In the listing below, find the line containing "Nrr秋冬浅口细跟单鞋女金色新娘鞋高跟红色水钻婚鞋女33-40码女鞋" and the line containing "14k Geelgouden oorknoppen", then copy exactly everything from the first through the second, except the pictures.

Segment Start: Given entries

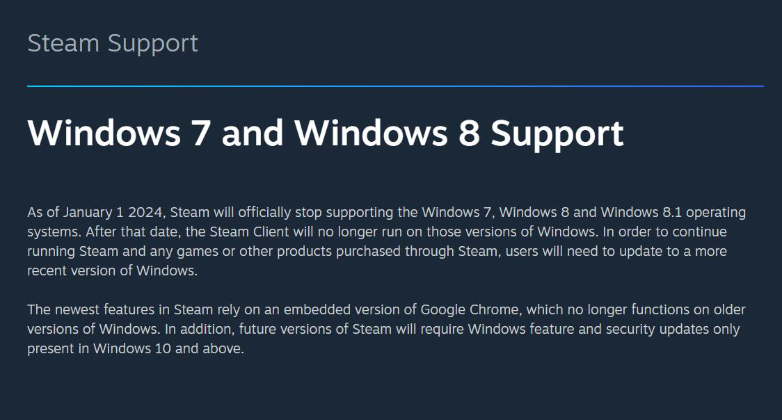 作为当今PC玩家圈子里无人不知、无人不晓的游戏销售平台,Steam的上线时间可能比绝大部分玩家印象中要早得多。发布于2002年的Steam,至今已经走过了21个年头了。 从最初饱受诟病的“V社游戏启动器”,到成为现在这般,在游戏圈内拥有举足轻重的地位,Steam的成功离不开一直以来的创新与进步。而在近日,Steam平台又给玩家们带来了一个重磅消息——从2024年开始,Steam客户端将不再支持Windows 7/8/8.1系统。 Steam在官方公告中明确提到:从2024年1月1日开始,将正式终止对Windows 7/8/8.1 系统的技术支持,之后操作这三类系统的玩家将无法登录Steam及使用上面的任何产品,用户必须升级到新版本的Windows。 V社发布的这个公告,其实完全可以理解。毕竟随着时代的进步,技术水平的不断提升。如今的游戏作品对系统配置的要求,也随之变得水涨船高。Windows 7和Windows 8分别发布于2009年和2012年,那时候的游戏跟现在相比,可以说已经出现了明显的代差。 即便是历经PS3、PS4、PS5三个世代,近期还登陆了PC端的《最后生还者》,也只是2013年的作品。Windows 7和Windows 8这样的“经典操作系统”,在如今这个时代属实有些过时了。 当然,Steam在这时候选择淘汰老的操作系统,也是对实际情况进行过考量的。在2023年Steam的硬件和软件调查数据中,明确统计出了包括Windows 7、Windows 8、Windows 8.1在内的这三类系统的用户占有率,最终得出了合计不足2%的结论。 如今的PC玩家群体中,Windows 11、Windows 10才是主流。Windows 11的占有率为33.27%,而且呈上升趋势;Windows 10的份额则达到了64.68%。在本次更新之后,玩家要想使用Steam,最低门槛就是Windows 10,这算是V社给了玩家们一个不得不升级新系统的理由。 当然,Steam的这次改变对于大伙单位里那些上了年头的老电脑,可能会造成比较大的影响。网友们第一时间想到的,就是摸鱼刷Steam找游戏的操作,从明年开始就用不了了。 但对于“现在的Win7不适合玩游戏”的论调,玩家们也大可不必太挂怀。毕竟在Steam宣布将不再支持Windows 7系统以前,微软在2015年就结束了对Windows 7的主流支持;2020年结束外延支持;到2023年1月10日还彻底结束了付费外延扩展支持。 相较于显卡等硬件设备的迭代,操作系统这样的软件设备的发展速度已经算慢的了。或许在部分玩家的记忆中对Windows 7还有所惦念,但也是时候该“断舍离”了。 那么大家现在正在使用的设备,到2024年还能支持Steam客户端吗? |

Segment End: Given entries
Segment Start: Given entries

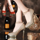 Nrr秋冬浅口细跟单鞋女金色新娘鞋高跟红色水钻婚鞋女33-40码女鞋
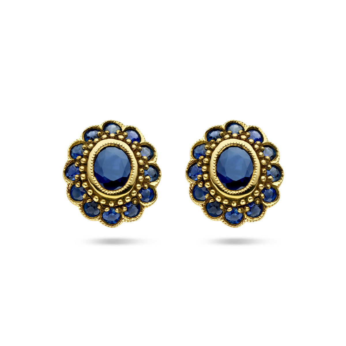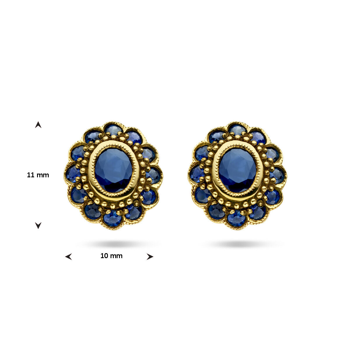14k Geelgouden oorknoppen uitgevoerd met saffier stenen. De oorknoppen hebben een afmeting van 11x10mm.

Segment End: Given entries

--- Response ---
 Nrr秋冬浅口细跟单鞋女金色新娘鞋高跟红色水钻婚鞋女33-40码女鞋
14k Geelgouden oorknoppen uitgevoerd met saffier stenen. De oorknoppen hebben een afmeting van 11x10mm.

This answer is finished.